A Flexible Selection Scheme for Minimum-Effort Transfer Learning
This addresses a practical issue in real-world data adaptation for visual recognition, though it is incremental as it builds on existing fine-tuning techniques.
The paper tackles the problem of transferring knowledge from a pre-trained network to visually different but semantically similar data, introducing flex-tuning as a generalized fine-tuning method that automatically selects the best network unit to tune, showing it often outperforms tuning the last layer in domain-shift scenarios.

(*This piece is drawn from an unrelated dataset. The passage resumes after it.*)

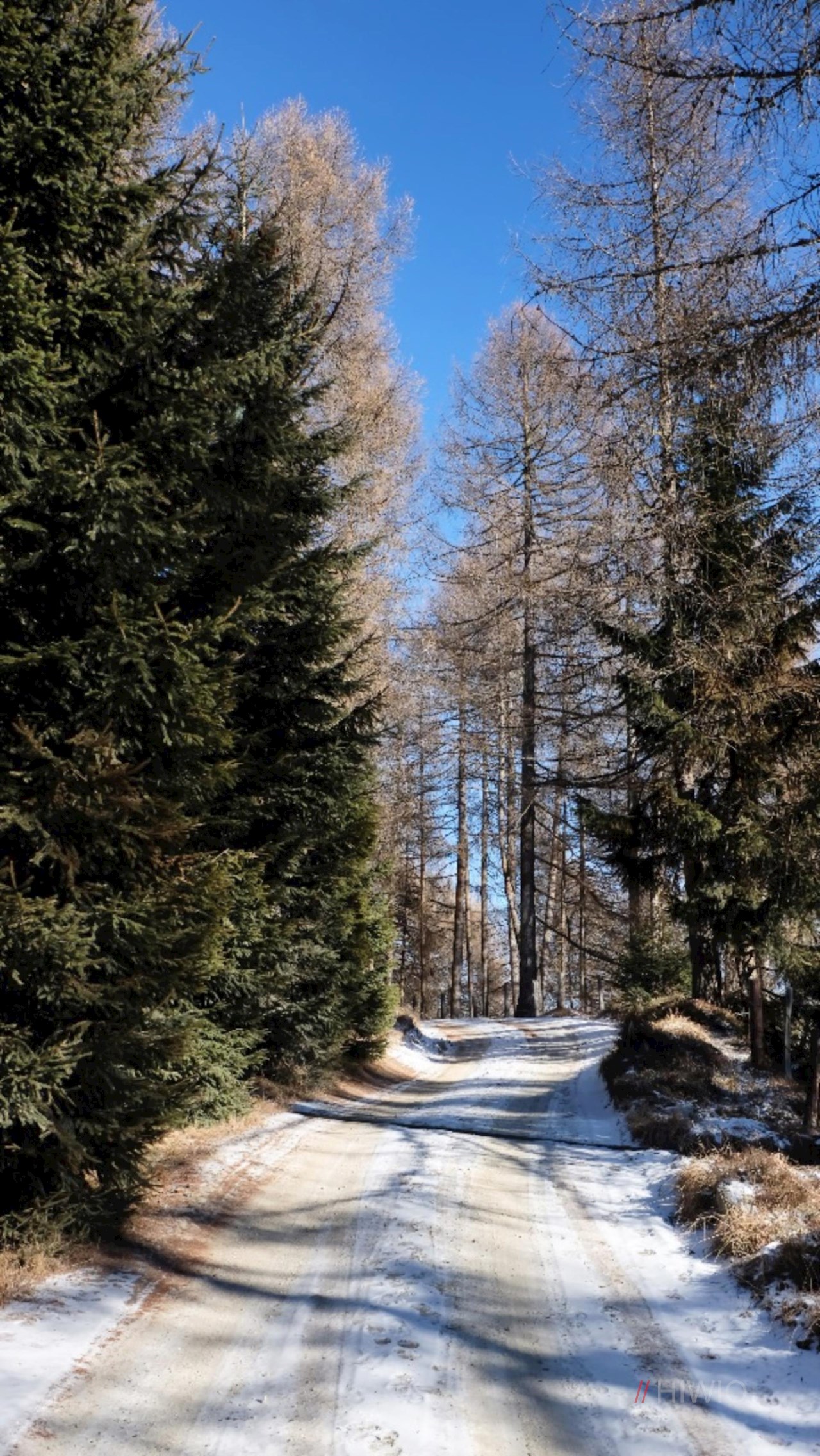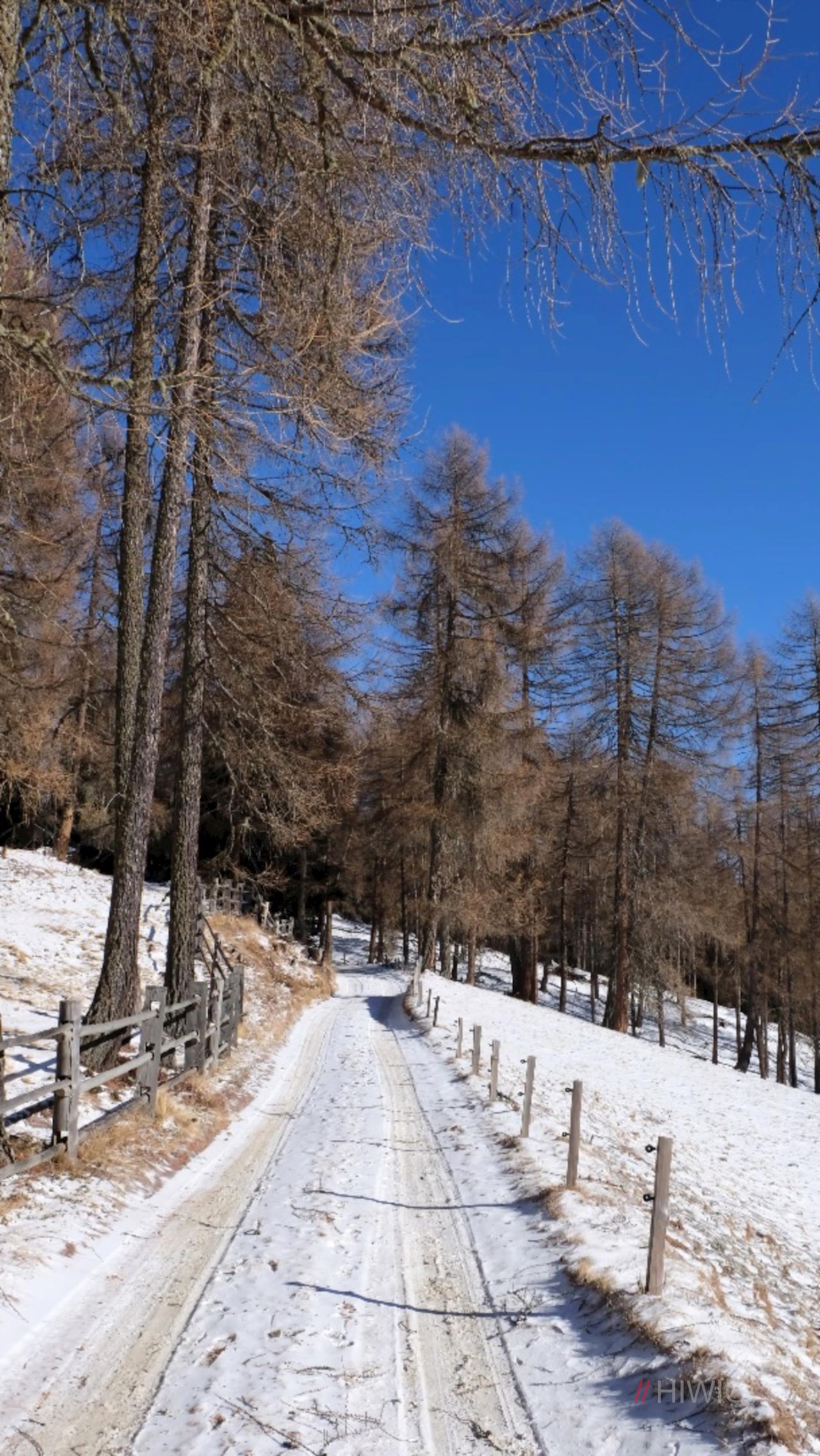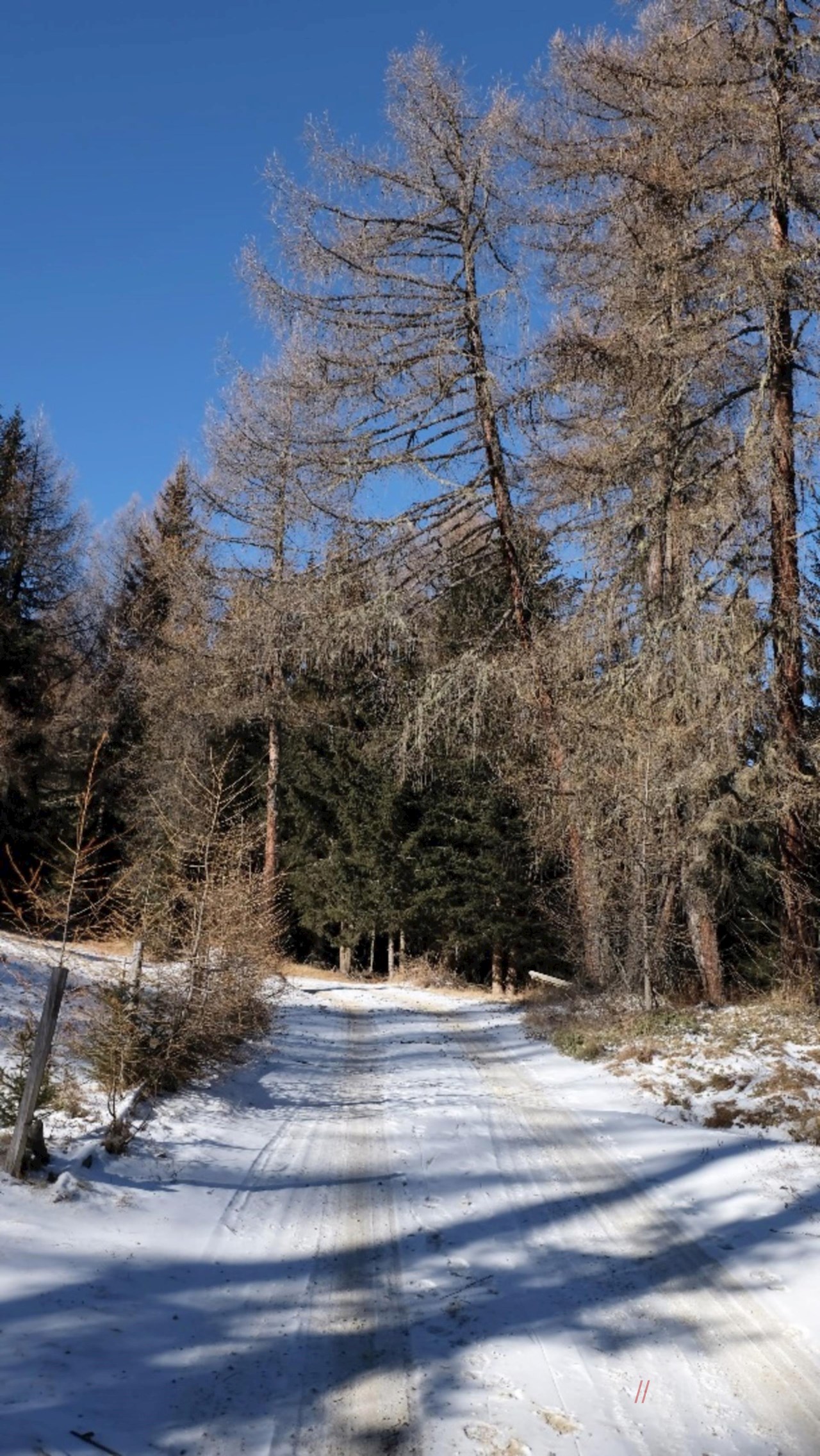 Stets der Markierung 9 folgend, führt ein breiter, gemächlich ansteigender Forstweg durch Wald und Lärchenwiesen, die immer wieder Blicke auf die Pfunderer Bergwelt freigeben.

Fine-tuning is a popular way of exploiting knowledge contained in a pre-trained convolutional network for a new visual recognition task. However, the orthogonal setting of transferring knowledge from a pretrained network to a visually different yet semantically close source is rarely considered: This commonly happens with real-life data, which is not necessarily as clean as the training source (noise, geometric transformations, different modalities, etc.). To tackle such scenarios, we introduce a new, generalized form of fine-tuning, called flex-tuning, in which any individual unit (e.g. layer) of a network can be tuned, and the most promising one is chosen automatically. In order to make the method appealing for practical use, we propose two lightweight and faster selection procedures that prove to be good approximations in practice. We study these selection criteria empirically across a variety of domain shifts and data scarcity scenarios, and show that fine-tuning individual units, despite its simplicity, yields very good results as an adaptation technique. As it turns out, in contrast to common practice, rather than the last fully-connected unit it is best to tune an intermediate or early one in many domain-shift scenarios, which is accurately detected by flex-tuning.